Al primo controllo al Centro dopo due mesi andai con un po’ di ansia perché non sapevo cosa avrebbero controllato. Il programma i due bambini l’avevano imparato, però con loro e con il “rinforzo” chissà come sarebbe andata!? Al Centro, mentre facevano il controllo, io restai nel salone dove c’erano gli operatori che facevano la pausa lunga con i bambini. Ogni operatore seguiva un bambino e ogni bambino stava col suo operatore: c’era chi girava per la stanza col bambino sulle spalle, chi faceva giocare il bambino con la torcia, chi passava la palla sulla schiena del bambino, ecc.
Finalmente Matteo e Lucia uscirono con gli psicologi; mi dissero che i bambini aveva superato bene tutte le prove, che si erano comportati bene e che potevo applicare il programma successivo. Wow, che sudata!
Il giorno dopo, la mamma di Matteo mi avvicinò fuori dalla scuola e con un tono rigido e severo si raccomandò che fossi precisa coi “rinforzi” altrimenti i bambini sarebbero regrediti. Io non osai affrontare la questione perché la vidi molto ferma nelle sue convinzioni e la rassicurai.
I genitori di Lucia li vidi solo una volta di sfuggita, mentre la mamma di Matteo ogni tanto la incontravo o ci scriveva per dirci che aveva cambiato “rinforzo”.
Io e la mia collega lavoravamo bene insieme, i bambini apprendevano sempre più velocemente per cui restava più spazio per il gioco; col tempo le stereotipie diminuirono e alcune sparirono. I controlli al Centro andavano bene e ogni volta ci davano il programma successivo. Al terzo e quarto controllo Matteo, davanti al portone, manifestò paura e per farlo entrare dovetti tenerlo stretto e rassicurarlo che saremo restati là poco e poi saremo tornati a scuola.

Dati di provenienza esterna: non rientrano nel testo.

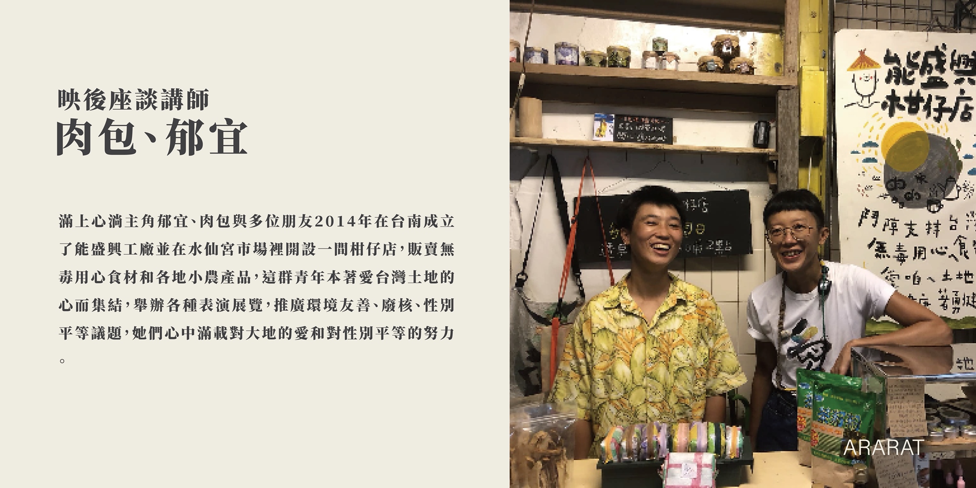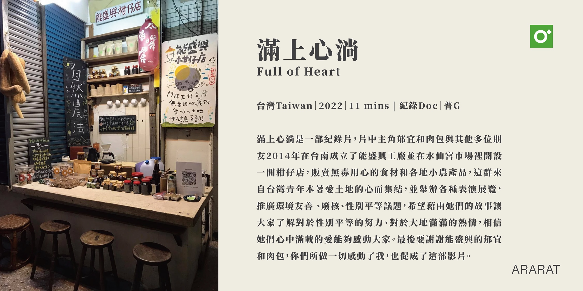 滿上心淌主角郁宜、肉包與多位朋友2014年在台南成立了能盛興工廠並在水仙宮市場裡開設一間柑仔店,販賣無毒用心食材和各地小農產品,這群青年本著愛台灣土地的心而集結,舉辦各種表演展覽,推廣環境友善、廢核、性別平等議題,她們心中滿載對大地的愛和對性別平等的努力。

Arrivò giugno e il mio incarico finì. A settembre mi ridiedero l’incarico ancora per la stessa scuola. Ero contenta, pensai ai cambiamenti che avrei potuto fare, ad esempio chiedere una ubicazione più vicina alle altre classi, trovare momenti per farli partecipare alle attività degli altri bambini, ecc. Arrivai a scuola e il direttore mi presentò Luca, un altro bambino autistico. Mi disse che Matteo e Lucia erano stati inseriti al Centro perché i genitori, avendo visto i progressi dell’anno passato, avevano pensato che là sarebbero migliorati ancora di più.
Gridare? Piangere? Troppo tardi, ormai non potevo fare più niente.